Note that Roe assumes that it is the attending physician who is consulting with the woman and not, as Arriola says, "a woman in consultation with those she trusts," (obviously) the attending physician, in whose "medical judgement" Roe leaves the decision to terminate the patient's pregnancy.

Continuing on, not only does the remaining text on these pages NOT support Arriola's claims, it underscores and affirms: 1) that the decision initially belongs to the physician, and 2) thereafter, the right of government to intervene:
Measured against these standards, Art. 1196 of the Texas Penal Code, in restricting legal abortions to those "procured or attempted by medical advice for the purpose of saving the life of the mother," sweeps too broadly. The statute makes no distinction between abortions performed early in pregnancy and those performed later, and it limits to a single reason, "saving" the mother's life, the legal justification for the procedure. The statute, therefore, cannot survive the constitutional attack made upon it here. 

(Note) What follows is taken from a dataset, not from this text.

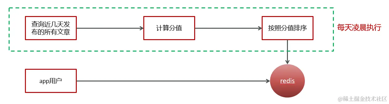- App端用户查询文章列表的时候,优先从redis中查询热度较高的文章数据

This conclusion makes it unnecessary for us to consider the additional challenge to the Texas statute asserted on grounds of vagueness. See United States v. Vuitch, 402 U.S. at 67-72.
To summarize and to repeat: 
1. A state criminal abortion statute of the current Texas type, that excepts from criminality only a lifesaving procedure on behalf of the mother, without regard to pregnancy stage and without recognition of the other interests involved, is violative of the Due Process Clause of the Fourteenth Amendment. 

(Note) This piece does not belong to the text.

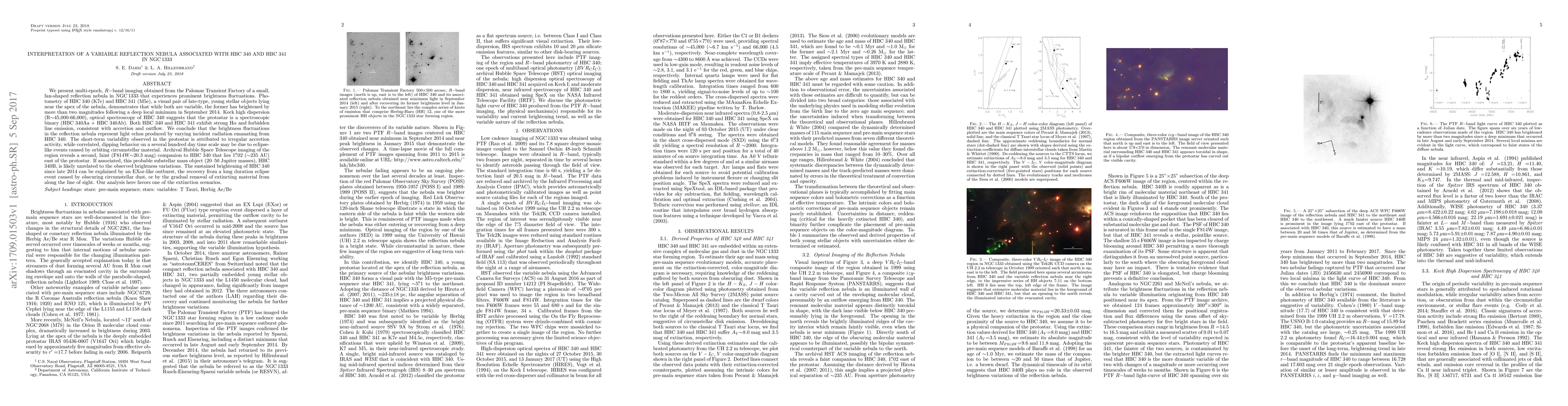 We present multi-epoch, $R-$band imaging obtained from the Palomar Transient Factory of a small, fan-shaped reflection nebula in NGC 1333 that experiences prominent brightness fluctuations. Photometry of HBC 340 (K7e) and HBC 341 (M5e), a visual pair of late-type, young stellar objects lying near the apex of the nebula, demonstrates that while both are variable, the former has brightened by more than two magnitudes following a deep local minimum in September 2014. Keck high dispersion (R$\sim$45,000-66,000), optical spectroscopy of HBC 340 suggests that the protostar is a spectroscopic binary (HBC 340Aa + HBC 340Ab). Both HBC 340 and HBC 341 exhibit strong H$\alpha$ and forbidden line emission, consistent with accretion and outflow. We conclude that the brightness fluctuations in the reflection nebula represent light echos produced by varying incident radiation emanating from HBC 340. The short-term variability observed in the protostar is attributed to irregular accretion activity, while correlated, dipping behavior on a several hundred day time scale may be due to eclipse-like events caused by orbiting circumstellar material. Archival Hubble Space Telescope imaging of the region reveals a second, faint (F814W$\sim$20.3 mag) companion to HBC 340 that lies 1.02" ($\sim$235 AU) east of the protostar. If associated, this probable substellar mass object (20-50 Jupiter masses), HBC 340B, is likely unrelated to the observed brightness variations. The sustained brightening of HBC 340 since late 2014 can be explained by an EXor-like outburst, the recovery from a long duration eclipse event caused by obscuring circumstellar dust, or by the gradual removal of extincting material from along the line of sight. Our analysis here favors one of the extinction scenarios.

(a) For the stage prior to approximately the end of the first trimester, the abortion decision and its effectuation must be left to the medical judgment of the pregnant woman's attending physician. 
(b) For the stage subsequent to approximately the end of the first trimester, the State, in promoting its interest in the health of the mother, may, if it chooses, regulate the abortion procedure in ways that are reasonably related to maternal health. 
(c) For the stage subsequent to viability, the State in promoting its interest in the potentiality of human life may, if it chooses, regulate, and even proscribe, abortion except where it is necessary, in appropriate medical judgment, for the preservation of the life or health of the mother.

Arriola and other abortion advocates would have us believe that Roe gives the woman an absolute right to privacy relative to her decision to terminate her pregnancy. However, once again, Roe doesn't say that:
[154] "...a State may properly assert important interests in safeguarding health, in maintaining medical standards, and in protecting potential life. At some point in pregnancy, these respective interests become sufficiently compelling to sustain regulation of the factors that govern the abortion decision. The privacy right involved, therefore, cannot be said to be absolute. In fact, it is not clear to us that the claim asserted by some amici that one has an unlimited right to do with one's body as one pleases bears a close relationship to the right of privacy previously articulated in the Court's decisions. The Court has refused to recognize an unlimited right of this kind in the past. Jacobson v. Massachusetts, 197 U. S. 11 (1905) (vaccination); Buck v. Bell, 274 U. S. 200 (1927) ( sterilization). 
We, therefore, conclude that the right of personal privacy includes the abortion decision, but that this right is not unqualified, and must be considered against important state interests in regulation."
[159] "...it is reasonable and appropriate for a State to decide that, at some point in time another interest, that of health of the mother or that of potential human life, becomes significantly involved. The woman's privacy is no longer sole and any right of privacy she possesses must be measured accordingly."
So not only does Roe state that the privacy right is NOT "absolute," it goes on to essentially defeat the "it's my body" argument.